The Chief beckoned me to its top with impossible thoughts. I walked drudgingly alone. The rain fell down my face, masking my tears. Few people passed me that day. I hid behind trees when I heard their voices disturb the quietness of the forest. A memory of my childhood came back. Often, I would sit in the forest for hours, leaning against the tree of my choice, asking without knowing, for support and guidance. Slipping and sliding on the moss covered brush; I escaped the trail, bushwhacking through the dense forest, seeking this one tree. A strong Cedar tree stood waiting. The local people say that the Cedar tree is regarded as the tree of life. If ever feeling lost or alone you could sit against one and it would help to soften your heart. I sat there for hours, holding its hand. With closed eyes, I let the intensity of emotion go through me. The year in Squamish hadn’t exactly worked out as hoped… I fucked up my shoulder, every attempt to work failed bitterly, we lost our tiny home community because of stupid development, and despite loving my volunteer work; they didn’t pay the bills. But from all of those things, extremely positive things came forth… For one, my shoulder cleared my mind, the job situation taught me I must be self-employed, the home situation taught me gardening, and the volunteer worked for the greater good. So what was my problem? It was simple really… I needed sun.

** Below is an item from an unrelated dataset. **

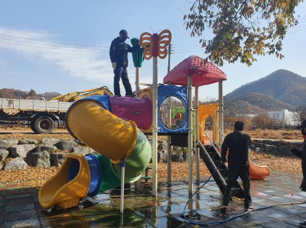 이에 동은 희망일자리 근로자 4명을 별도 배치해 마을회관 주변 공용 분리수거장의 주변 쓰레기를 정비하고, 어린이놀이터 시설물에 쌓인 흙먼지를 깨끗하게 씻어냈다.
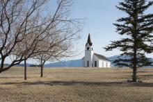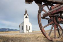 Wagon in front of the church

Hiking down, something switched. It wasn’t long after that, I responded to an email from Jeff, the one and only local climber who I was happily coaching. I don’t recall what I wrote but I do remember him saying that there was a lot in that little email. Shortly after, he offered his tiny car to me for a joy ride to go see Ester Smith, a physiotherapist working out of SLC. She had agreed to look at my shoulder for a coaching trade. It seemed an opportunity worth exploring. Perhaps my physio routine was simply missing one crucial exercise which only Ester knew. The alternative was staying north and embracing surgery.
By now it was December. It was very cold but the rain transformed to snow and moods all around were lifting. The idea of taking Jeff’s tiny smart car was sinking in, as if it were a dream starting to realize. Taking my own van felt wrong. It was old, creaky, and needed work; Jeff’s car was light, cheap and healthy. Another opportunity arose to get a second opinion from a surgeon friend who lived in Bishop. According to instagram, that is the place where people climb in tank tops while basking in the sun. This is exactly what I needed…
Everything seemed to be falling effortlessly into place for a winter escape. The desert had been calling for a while; luring me with the smell of sage and creosote. The sensation of warm air on my back crept up my spine. The road was beckoning. My minds chains were slowly unraveling; their spell weakening. A trip was possible. I had fulfilled the contract and stayed one year, three weeks and five days in one place. There are no regrets but can’t say I’ll do it again anytime soon. At least for now, it is time to embrace the open road.